Robot Learning: A Tutorial
AI Lab: University of Oxford & Hugging Face
Summary: This tutorial surveys the shift from classical, model-based control to data-driven robot learning, and walks through RL, behavioral cloning, and emerging generalist, language-conditioned robot policies. It also presents the open-source lerobot stack and LeRobotDataset with practical, ready-to-run examples across the robotics pipeline.
Tensor Logic: The Language of AI
AI Lab: Pedro Domingos, University of Washington
Summary: The paper proposes “tensor logic,” a programming model that unifies neural and symbolic AI by expressing rules as tensor equations (einsum) equivalent to Datalog operations, enabling learning and inference in a single framework. It demonstrates how to implement neural nets, symbolic reasoning, kernel machines, and graphical models, and discusses scaling via Tucker decompositions and GPU-centric execution.
Agent Learning via Early Experience
AI Lab: Meta Superintelligence Labs, FAIR at Meta, The Ohio State University,
Summary: The authors introduce “early experience,” a reward-free training paradigm where agents use the consequences of their own exploratory actions as supervision, with two concrete strategies—implicit world modeling and self-reflection. Across eight environments, these methods improve effectiveness and OOD generalization and provide strong initializations for downstream RL.
Qwen3Guard Technical Report
AI Lab: Qwen
Summary: Qwen3Guard introduces multilingual safety guardrail models in two variants—Generative (instruction-following tri-class judgments: safe/controversial/unsafe) and Stream (token-level, real-time moderation for streaming)—released in 0.6B/4B/8B sizes with support for 119 languages. It reports state-of-the-art prompt/response safety classification across English, Chinese, and multilingual benchmarks and is released under Apache 2.0.
🤖 AI Tech Releases
Claude Haiku 4.5
Anthropic released Claude Haiku 4.5, its latest small model that showcases performance comparable to Sonnet 4.
Veo 3.1
Google DeepMind released the new version of its marquee video generation model.
Qwen3-VL
Alibaba Qwen released Qwen3-VL 4B and 8B, two small models optimized for reasoning and instruction following.
nanochat
Andrej Karpathy released nanochat, an open source training and inference pipeline similar to ChatGPT.
Agent Skills
Anthropic released Agent Skills to specialize Claude tasks with script, resources and instructions.
📡AI Radar
Anthropic and Salesforce deepen ties: Claude becomes a preferred model in Agentforce, with Salesforce also rolling out Claude Code internally for faster engineering in regulated industries.

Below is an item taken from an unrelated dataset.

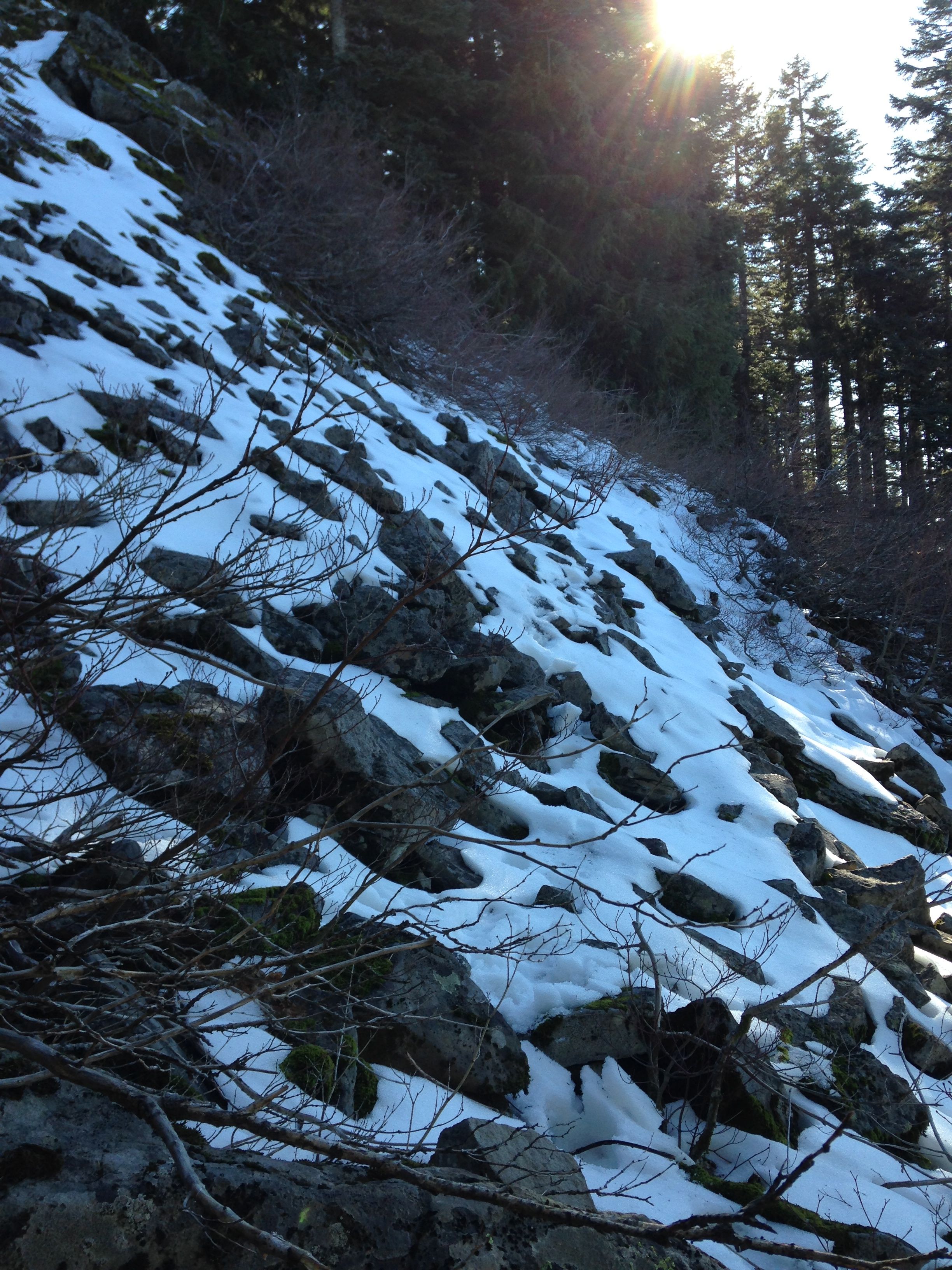 Navigate directly up the spine of the ridge in very thick hemlock and
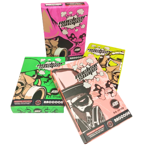 Nuclear Snaps 20-Count – Now in 4 High-Visibility Colors! The heavy hitters of the snap world have arrived in color. Nuclear Snaps 20-packs feature maximum-payload adult snaps in 4 distinct tactical colors. Experience the loudest percussive report and shockwave sound in the industry.

A BlackRock-led consortium will acquire Aligned Data Centers for about $40B to turbo-charge the AI infrastructure build-out.
Huawei-linked firms showcased chip tools and software in a show of domestic semiconductor momentum despite tightening U.S. curbs.

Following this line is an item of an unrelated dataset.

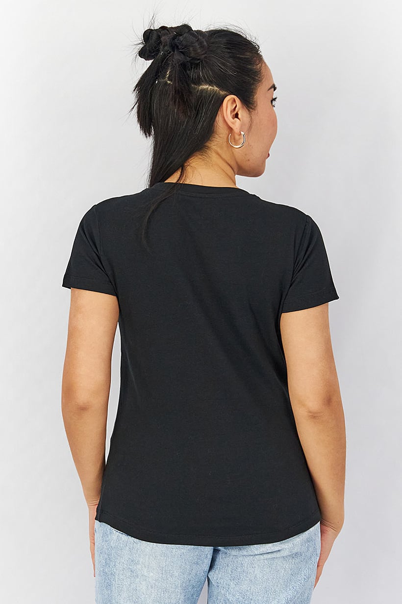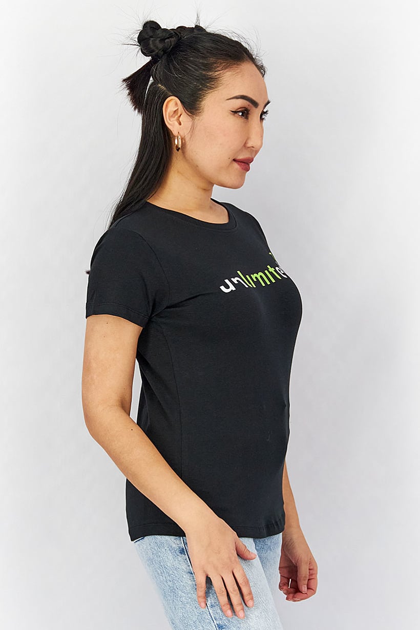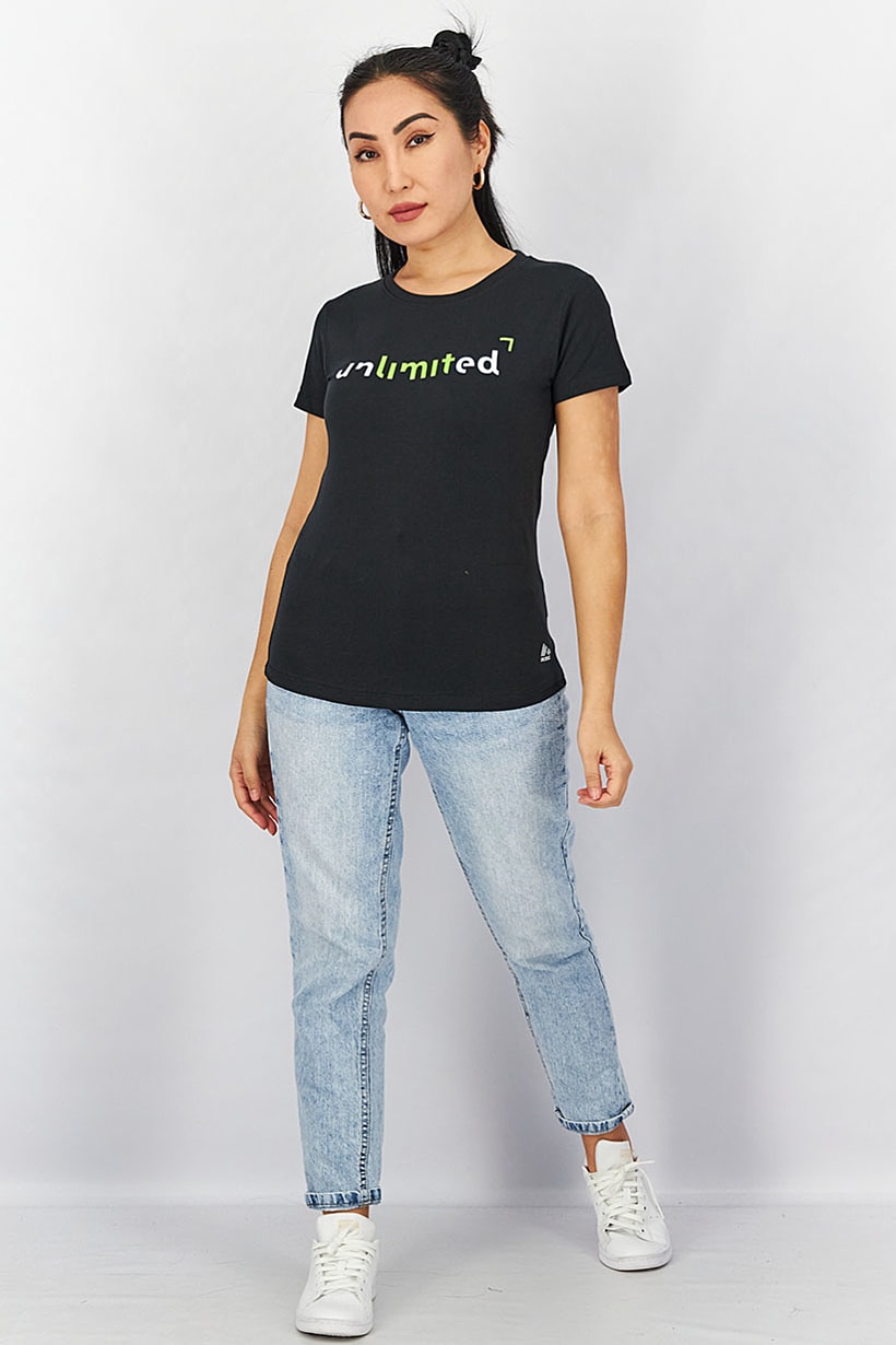 | descriptionOriginal | Care : Machine washable, Fit : Sportswear Fit, Ideal For : Women, Size shown : International, Sleeve Length : Short Sleeve, Thickness : Light, Type of Sport : Training, Types of Hem : Straight hem, Types of Neckline & Collar : Crew neckline, Types of Sleeve : Short sleeve, Disclaimer : Product color may slightly vary due to photographic lighting sources or your monitor settings., Fabrics : 95% Cotton, 5% Spandex, Occasion : Sport, Pattern & Print : Graphic print, Sportswear Type : T-Shirt, Types of Closures : Pullover, Color Family : Black, |
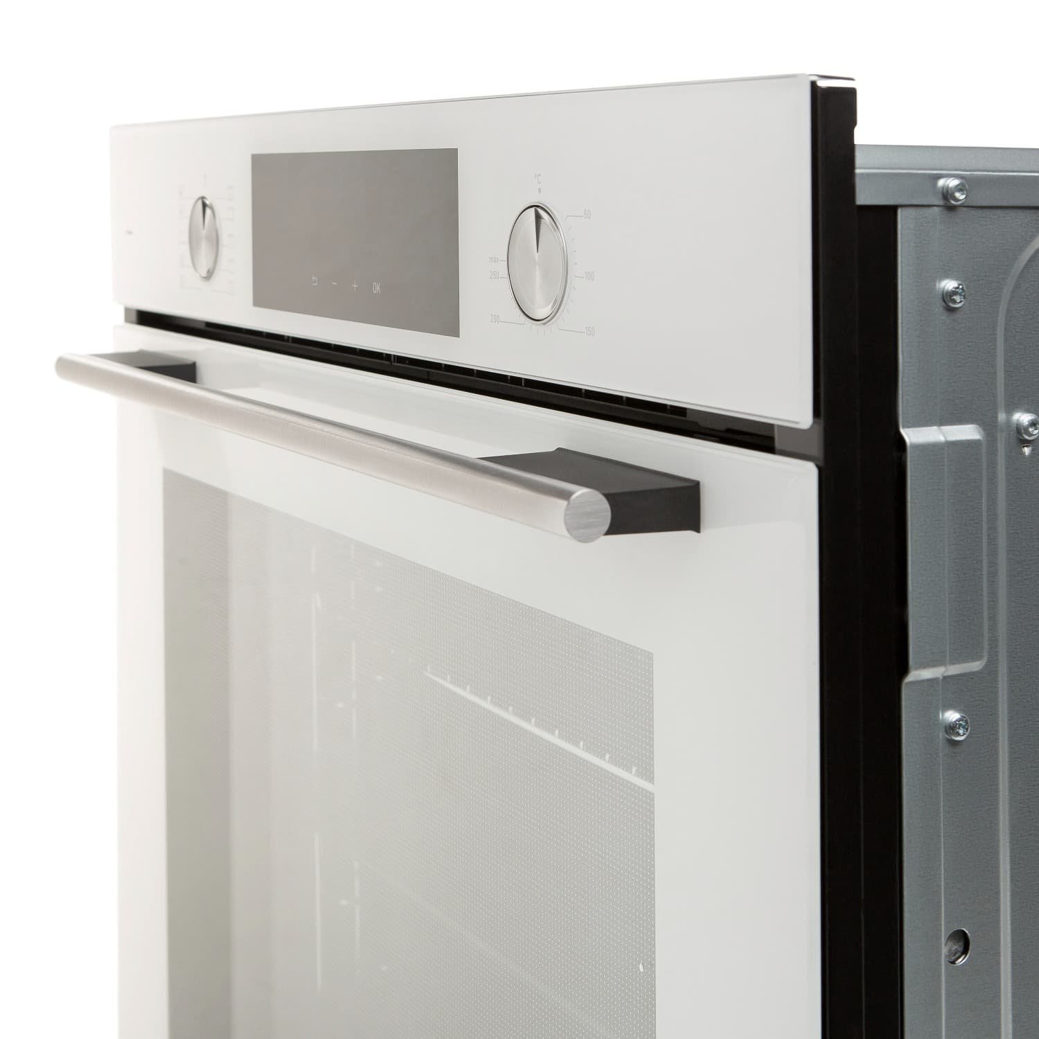 • Материал фасада: Узкая стеклянная панель управления + стеклянная дверца духовки из кристально белого стекло от немецкого производителя Schott Ceran

KAYAK adds “AI Mode,” letting travelers ask questions and book flights, hotels, and cars through a conversational interface on web.
General Intuition raises $133.7M seed to train agents’ spatial reasoning from billions of gameplay clips via Medal.
Jack & Jill secures $20M to pair conversational agents for candidates and employers, expanding its AI recruiter across markets.
Liberate lands $50M at a $300M valuation to automate P&C insurance workflows—sales, service, and claims—with voice and agentic AI.
Nscale signs an expanded deal with Microsoft involving ~200k Nvidia GPUs across U.S. and EU sites to scale Azure AI capacity.
Google commits $15B (2026–2030) for a Vizag AI hub with a gigawatt-scale data center and a new subsea connectivity gateway.
Salesforce unveils Agentforce 360 to build, deploy, and manage enterprise AI agents across Customer 360 and Slack.
Prezent raises $30M to buy AI services firms—starting with the founder’s other company—to power an all-in-one presentations platform.
Strella raised $14 million for its AI customer understanding platform.